Se per molto tempo la dicotomia civiltà / barbarie voleva dire nell'America Latina opporre la città
civilizzatrice alla barbarie delle campagne, oggi la difesa del pianeta crea il punto di incontro fra la
barbara civiltà metropolitana e la civile barbarie della natura. La morte e la devastazione che hanno
sempre accompagnato la penetrazione dell'uomo bianco nella natura americana possono essere
fermate in nome del popolo inquinato. Questa è la posizione dei movimenti ecologisti nei confronti
degli indiani degli Stati Uniti e un atteggiamento simile viene adottato nei confronti degli indios
dell'Amazzonia 17 .
La percezione simbolica dell'ambiente dunque è cambiata: la foresta, che veniva concepita come
luogo oscuro abitato da lupi, streghe e orchi, è divenuta il paradiso terrestre ancora ricuperabile,
spazio ispiratore di un modello di vita migliore. La città invece, una volta centro e fonte della
civiltà, è divenuta la giungla di cemento, luogo pieno di insidie, divoratrice dell'ambiente.
Ricordiamo, come ultimo cenno letterario, e già per finire, che l'inversione della tradizionale
dicotomia si trova già nei meravigliosi racconti dell'uruguaiano Horacio Quiroga 18 , scritti più di 70
anni fa, forse come un'eco dell'utopia rousseauiana e, attraverso Rousseau, ancora, come
conseguenza della fantastica visione di Colombo.
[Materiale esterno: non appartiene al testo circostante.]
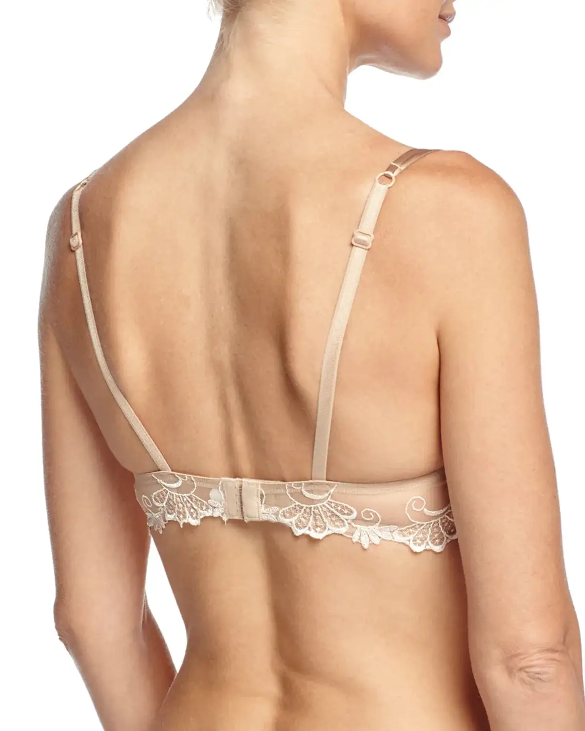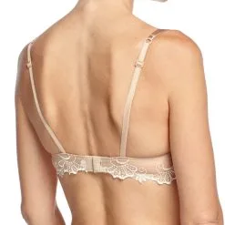 - Multi-part cup is unlined (unpadded), with an additional mesh side support panel for centering.

In questo contesto Cristoforo Colombo, più che il corruttore dell'America, colui che ha iniziato la
tratta degli schiavi, può essere visto come il primo europeo che cinquecento anni fa vide la foresta
equatoriale come il luogo dove era possibile incontrare il paradiso terrestre e forse recuperare
l'innocenza perduta. La sua idea, legata all'immaginario medievale, si rivela oggi profetica.
Vedendo il paradiso terrestre sulle coste dell'Orinoco egli lo vedeva esattamente dove oggi lo
collocano i movimenti ecologisti. E poiché l'accelerazione delle conquiste tecnologiche non sembra
portarci a guadagnare del tempo ma a perdere lo spazio vitale, rallentiamo, rallentiamo, e diamoci
tempo per ascoltare con nuovo spirito le voci del passato.
16
«L'Espresso», 24 marzo 1991, cit. da Nicola Bottiglieri, Cristoforo Colombo, uomo delle frontiere, cit.,
p. 113.
17
Ibidem, p. 114.
Cfr. Horacio Quiroga, Todos los cuentos, edición crítica de Napoleón Baccino Ponce de León y Jorge
Lafforgue, Colección Archivos, Madrid, 1993; e l'antologia Cuentos, edición de Leonor Fleming, Cátedra,
Madrid, 1991. In italiano: Racconti d'amore di follia e di morte, prefazione di Dario Puccini, trad. di Fausta
Antonucci, Editori Riuniti, Roma, 1987; e Anaconda, trad. di Fausta Antonucci, Editori Riuniti, Roma, 1988.